Solar System Dynamics Group, Horizons On-Line Ephemeris System
4800 Oak Grove Drive, Jet Propulsion Laboratory
Pasadena, CA 91109 USA
Information: http://ssd.jpl.nasa.gov/
Connect : telnet://ssd.jpl.nasa.gov:6775 (via browser)
telnet ssd.jpl.nasa.gov 6775 (via command-line)

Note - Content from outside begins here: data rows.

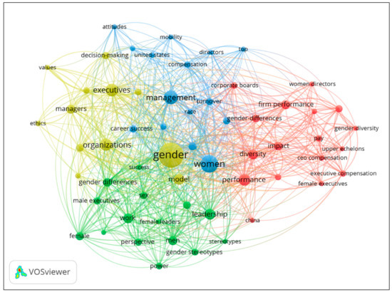 In addition, the VOSviewer software allows for the representation of the conceptual structure of a research field while using bibliometric maps. Because of the multidisciplinary character in which the theme “Executives and Gender” can be found, such a representation improves the global understanding of the object under investigation.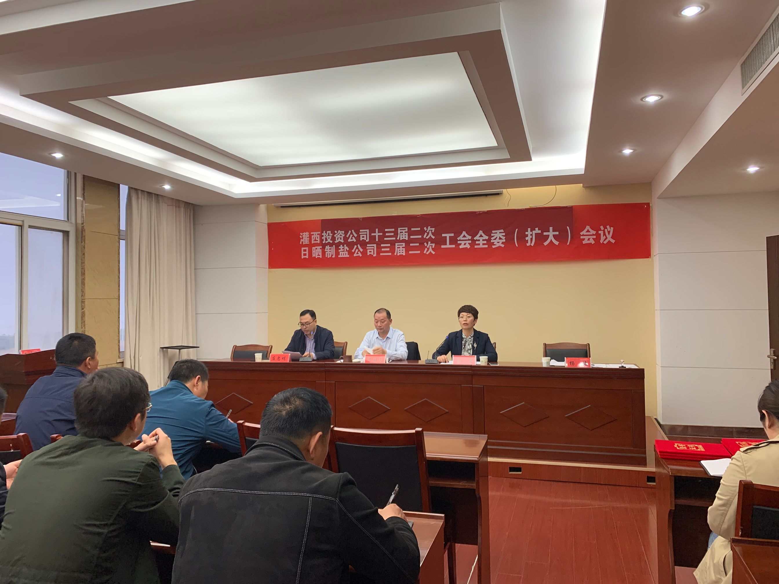 4月28日,灌西投資公司召開十三屆二次、日曬制鹽公司三屆二次工會全委擴大會議,公司黨委書記、董事長、總經(jīng)理李國文出席會議并講話,工會主席王宏作工作報告。工會委員會全體委員,各單位工會主席、女工委主任參加會議。
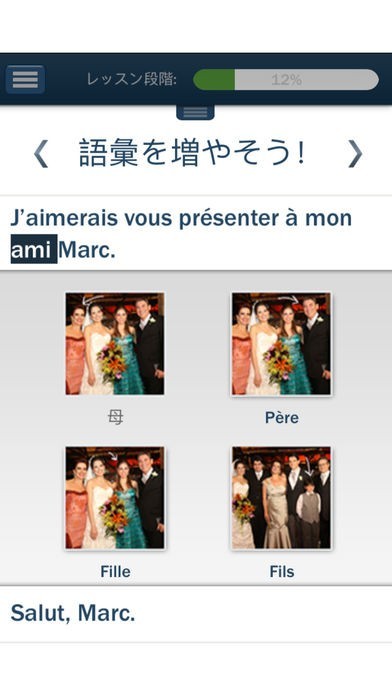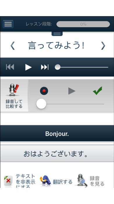 すべてのコンテンツはアプリケーションに保存され、言語を学ぶ準備ができていれば優れた反応ができます。アプリケーションの実行にワイファイまたは3Gネットワークに関連づけする必要はありません。 Hello-Hello フランス語 があれば、時間を場所を選ばずボキャブラリーのレッスンと実践ができ、外国語でのコミュニケーションに必要なすべてのスキルの開発が可能です。すべてのレッスンがネイティブスピーカーの録音ですので、正しい発音を学ぶことができます。
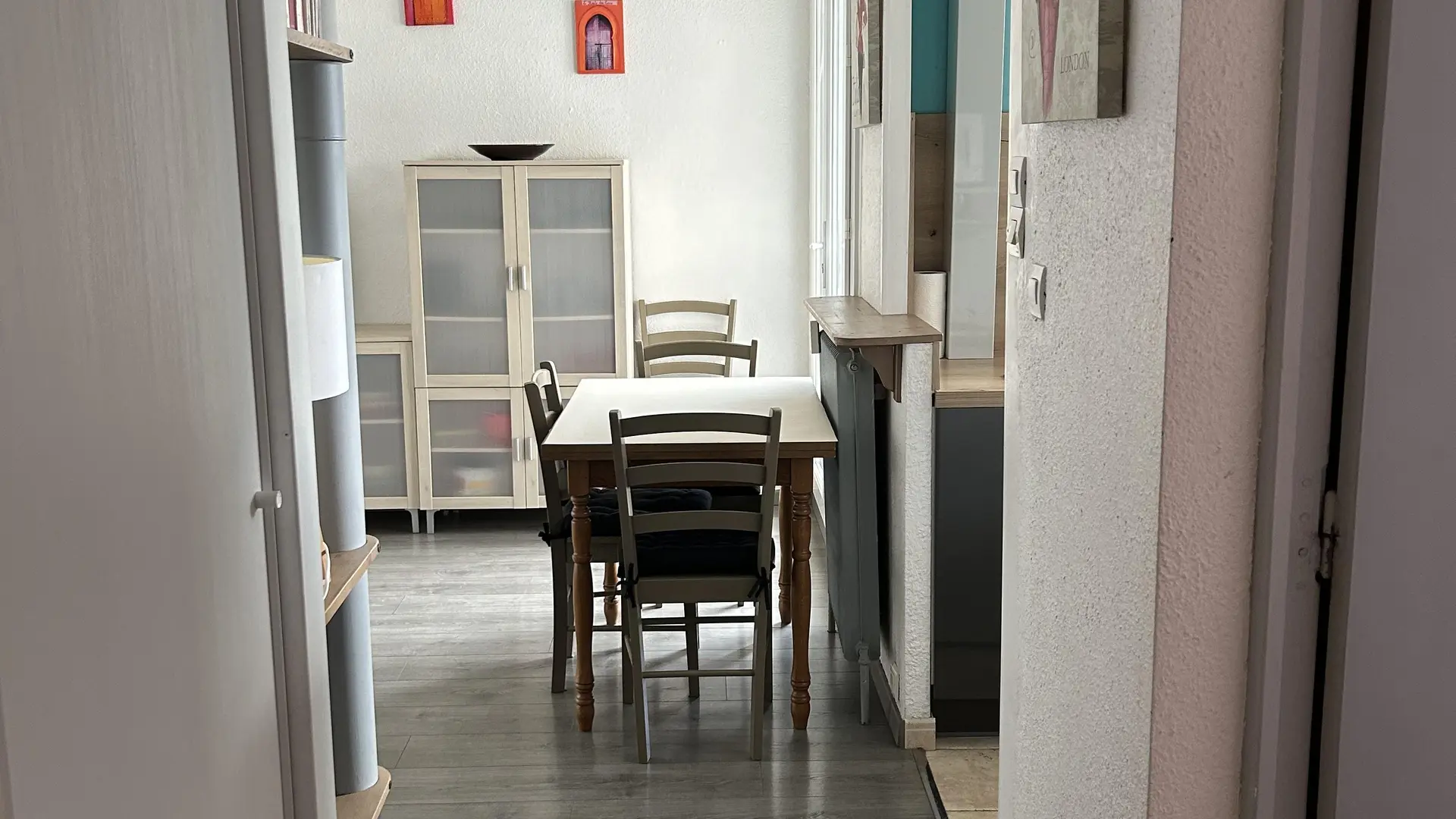 A louer pour 2026, Gréoux les bains (résidence « le Passy »), en forfait curistes (2 personnes maxi), agréable et lumineux T2 avec balcon, au 3ème étage (sur 4) avec ascenseur.
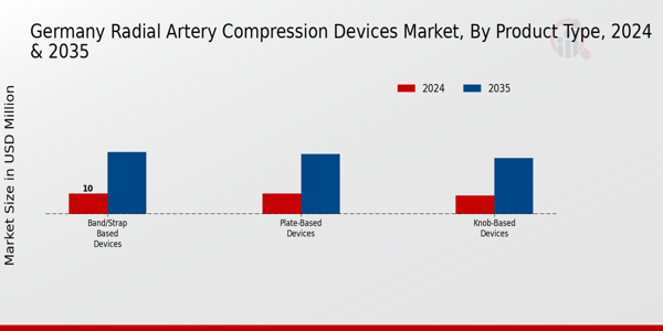 The radial artery-compression-devices market in Germany is characterized by a competitive landscape that is increasingly shaped by innovation, strategic partnerships, and a focus on enhancing patient outcomes. Key players such as Terumo Corporation (JP), Abbott Laboratories (US), and B. Braun Melsungen AG (DE) are actively engaged in refining their product offerings and expanding their market presence. Terumo Corporation (JP) emphasizes innovation in its product development, particularly in the realm of minimally invasive techniques, which aligns with the growing demand for less traumatic medical procedures. Meanwhile, Abbott Laboratories (US) focuses on strategic acquisitions to bolster its portfolio, thereby enhancing its competitive edge in the market. B. Braun Melsungen AG (DE) adopts a regional expansion strategy, aiming to strengthen its foothold in Germany while also exploring opportunities in neighboring markets. Collectively, these strategies contribute to a dynamic competitive environment that is responsive to evolving healthcare needs.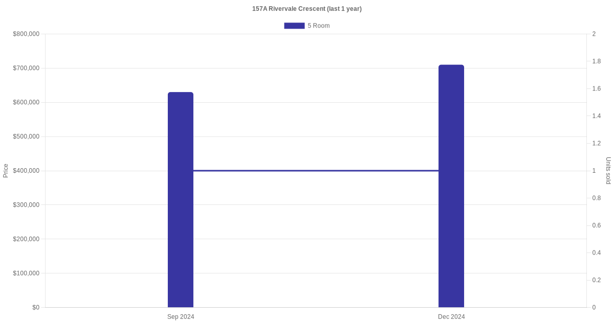 Below is a quick summary of the resale transactions volume and average price trends for the 4 room and 5 room units at 157A Rivervale Crescent.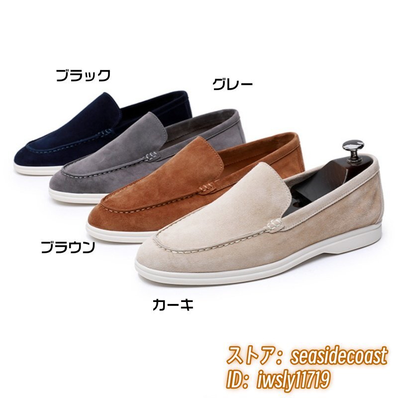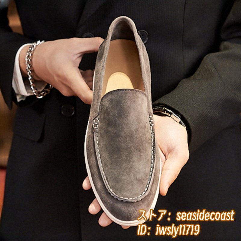 超希少■スエード革 ローファー 本革 スリッポン 職人手作り ドライビングシューズ ビジネスシューズ 牛革 革靴 紳士靴 グレー 25.5cm

Author : Jon.Giorgini@jpl.nasa.gov
*******************************************************************************
Note that the MATLAB file solve_solar_system.m
above already has the 3d position and velocity data for all the planets. You may want to use initialisation data for a different date, in which case generate the Ephemeris data for all planets (as described above) and put the numbers \(\left(X,Y,Z, VX,VY,VZ\right)\), in the solve_solar_system.m
file (lines 101 to 119). The first element of each array is the Sun, the second Mercury, then Venus and so on.